The first one include things that are essential for internal consistency within a single aggregate. For example, the OrderLines.OrderID FK reference to Orders.ID is quite important, since an order line without an order is meaningless. But what about the association between OrderLine.ProductID and Products.ID ? 

An OrderLine can most certainly exists without the product, in fact, an OrderLine already copied into it all of the properties of the product that are important for the order. But because of the FK happy nature of most DBAs (and developers, for that matter), we have a FK reference between the two. The problem is that it actually is perfectly fine to remove a product that we are no longer selling from the store.

Yes, there are order lines for that product, but they have been completed ages ago. With a RDBMS and a FK, you cannot do that. So you resort to hacks like IsDeleted = false, which in practice gives you the exact same behavior as a deleted product, except that the FK is happy. Your application has a 50/50 change to work or not work with that.

With RavenDB, we make distinctions between internal consistency, which is maintained inside the same document, and external references, which can come and go as they please. You cannot have an order line in RavenDB without an order, because the order is where the order line exists. But you can most certainly remove the product that an order line refers to, because that is outside the scope of the order, it is a separate aggregate.

Tags:

Posted By: Ayende Rahien

Published at

Originally posted at

Comments

Rafal
02/26/2013 10:36 AM by
Rafal

Are you saing that not having inter-document consistency checks in the DB is an advantage over having them? I beg to differ.

alastair
02/26/2013 10:41 AM by
alastair

Many RDBMS will allow you to specify DELETE behaviour such that deleting the parent record will automatically set the childs key to NULL in this situation.

Mango
02/26/2013 11:14 AM by
Mango

Ayende,

...i'm new to raven ...wath's about the costo of separate aggregates life cycles?

tyhanks

Ayende Rahien
02/26/2013 11:27 AM by
Ayende Rahien

Mango I don't follow the question

Jon Samwell
02/26/2013 11:28 AM by
Jon Samwell

@alastair - nullable fk's are evil and will just lead to confusion in the relational db world and cascade deletes cause pain. I think what Oren is trying to say is you cannot approach document db's the same way you approach relational. The things we have to do to keep relational databases happy do not exists when you look at the NOSQL paradigm.

Gilligan
02/26/2013 12:17 PM by
Gilligan

I think we have in the past used foreign keys thinking something like "Hey, now we don't have to think about this relationship in the domain". But despite our efforts to hide aspects of the domain from our minds, it comes back to haunt us. Foreign keys aren't a silver bullet and do end up causing much pain. The number of times I have seen "IsDeleted" and the pain that has also caused is astounding. I think Oren is saying exactly this: we cannot hide these relationships magically from the domain. We must face them head on in our app and deal with them from a business perspective.

Chris Ammerman
02/26/2013 12:51 PM by
Chris Ammerman

It's less common to see in an app database, but in the Data Warehouse world this is dealt with using "slowly changing dimensions." http://en.m.wikipedia.org/wiki/Slowlychangingdimension#section_7 (Usually the "Type 2" kind.)

David Boike
02/26/2013 05:10 PM by
David Boike

I think what Oren glossed over, and is critical in understanding this concept if you're coming from the RDBMS, is that when we model Order and OrderLines in a document database, we note the ProductID but we also bring in a few critical pieces of the Product as well - maybe just the name.

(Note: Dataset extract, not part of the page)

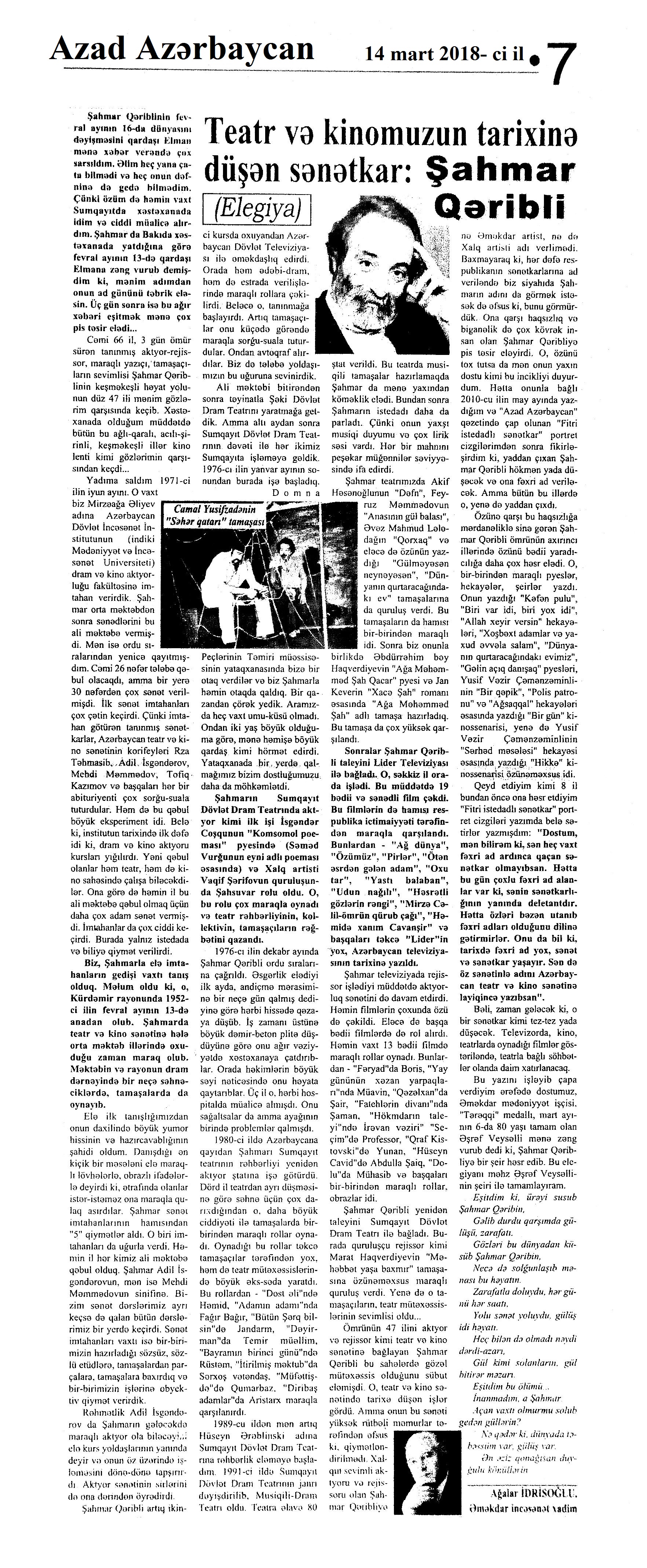 KİNO 443. “Arşın mal alan” fransalı tamaşaçılar tərəfindən maraqla qarşılanıb: [Parisdə xarici ölkələrin filmləri həftəsi çərçivəsində Üzeyir Hacıbəylinin eyniadlı əsərinin nümayişi haqqında] //Mədəniyyət.- 2018.-16 mart.- S.6.; Həftə içi.- 2018.- 16 mart.- S.8. 444. “Arşın mal alan”a fransız marağı //525-ci qəzet.- 2018.- 16 mart.- S.7. 445. Azərbaycanlı rejissorun layihəsi Kann festivalında: [Elvin Adıgözəlin “Yaşar” filmi] //Mədəniyyət.- 2018.- 7 mart.- S.5. 446. Azəri, L. Canlı, təbii obrazlar ustası: Yarım əsr “Azərbaycanfilm” kinostudiyasında çalışan aktyor Bahadur Əliyev kinonun durğunluq dövründə çox xiffət çəkib //Mədəniyyət.- 2018.- 7 mart.- S.12. 447. “Dəniz suyu içən it” festivalda mükafat qazanıb: [Murad Abiyevin eyniadlı filmi Rusiyanın Kazan şəhərində keçirilən “ZILANT” beynəlxalq kinofestivalında] //Mədəniyyət.- 2018.- 2 mart.- S.10. 448. Əşrəf, S. Düşərli quyu: [yazıçı-rejissor Səidə Haqverdiyevanın eyniadlı filmi haqqında] //Ədəbiyyat qəzeti.- 2018.- 31 mart.- S.30-31. 449. Fariz. “Eviniz abad” filminin təqdimatı keçirildi: [Mirsadıq Ağazadənin çəkdiyi eyniadlı filmin Nizami Kino Mərkəzində nümayişi haqqında] //Mədəniyyət.- 2018.- 20 mart.- S.6. 450. Fərəcova, Z. Kinomuzun “ögey” və doğmaları – analar...: Mənfi və ya müsbət obrazlarından, cəmiyyətdə tutduqları mövqelərdən asılı olmayaraq, onları bir cəhət birləşdirir - analıq duyğuları: [Nəcibə Məlikova, Ətayə Əliyeva, Nəsibə Zeynalova və Məhluqə Sadıqova haqqında] //Azərbaycan.- 2018.- 8 mart.- S.10. 451. Xəlilzadə, F. Sənət dünyasının sönməyən ulduz qardaşları: Hələ də onların “can verdiyi” obrazların, əsərlərin cazibəsindəyik: Azərbaycan kinosu – 120: [teatr, kino sənətinin, ədəbiyyatın inkişafında xüsusi xidmətləri olan Rza və Məmmədhüseyn Təhmasib qardaşlarının yaradıcılıqları haqqında] //Kaspi. -2018.- 3 mart.- S.7. 452. Kazımzadə, A. İşıqlı arzularım çoxdur...: [Əməkdar incəsənət xadimi, kinoşünas Aydın Kazımzadə ilə müsahibə] /müsahibəni apardı Hatəm Əsgərov //Respublika.- 2018.- 25 mart.- S.3. 453. Qaliboğlu, S. “Babam və oğlum” – kimdir günahkar?: [Nizami Kino Mərkəzində eyniadlı türk bədii filminin nümayişi haqqında] //Mədəniyyət.- 2018.- 7 mart.- S.15. 454. Məhərrəmova, T. “Kino və zaman”da əbədiləşən tarixi həqiqətlər: [Aydın Kazımzadənin eyniadlı kitabı haqqında] //Kaspi. - 2018.- 20 mart.- S.10. 455. Retro filmlərimizi görmürük: İstənilən televiziyanın kino siyasəti olmalıdır //Şərq.- 2018.- 14 mart.- S.13. 456. Səməndər Rzayev: Araq, serroz, sərxoş oynadığı son rol: Ramilə Qurbanlının “Ölümlü dünya” layihəsində //Üç nöqtə.- 2018.- 17 mart.- S.12. 457. Sultanova, M. “Nar bağı” filmi Kayseridə nümayiş olundu: [İlqar Nəcəfin çəkdiyi film] //Mədəniyyət.- 2018.-10 mart.- S.16. 458. Tahirə. Üç – beş sənətkar qalıb, ya qalmayıb: Rasim Balayev: Mətbuat belə çox maraqlananda insan özünü dəyərli hesab etməyə başlayır: [Xalq artistinin söylədikləri] //Şərq.- 2018.- 17 mart.- S.13.

That way, when the product gets deleted later, it doesn't matter. We have all the information we need to display the details of that order I made 2 years ago.

The real kicker is that in a relational model, if i bought a Widget 2 years ago, and then 1 year ago the Widget product got updated to become a Super Widget, my order history would now indicate that I bought a Super Widget! But I didn't! I only bought a Widget!

By bringing the product name into the Order + OrderLines model, we maintain that historical accuracy no matter what happens to the product at some later date, PLUS we don't have to always remember to select where IsDeleted = 0.

Tim Murphy
02/26/2013 07:13 PM by
Tim Murphy

+1 David. I was going to make the same comment.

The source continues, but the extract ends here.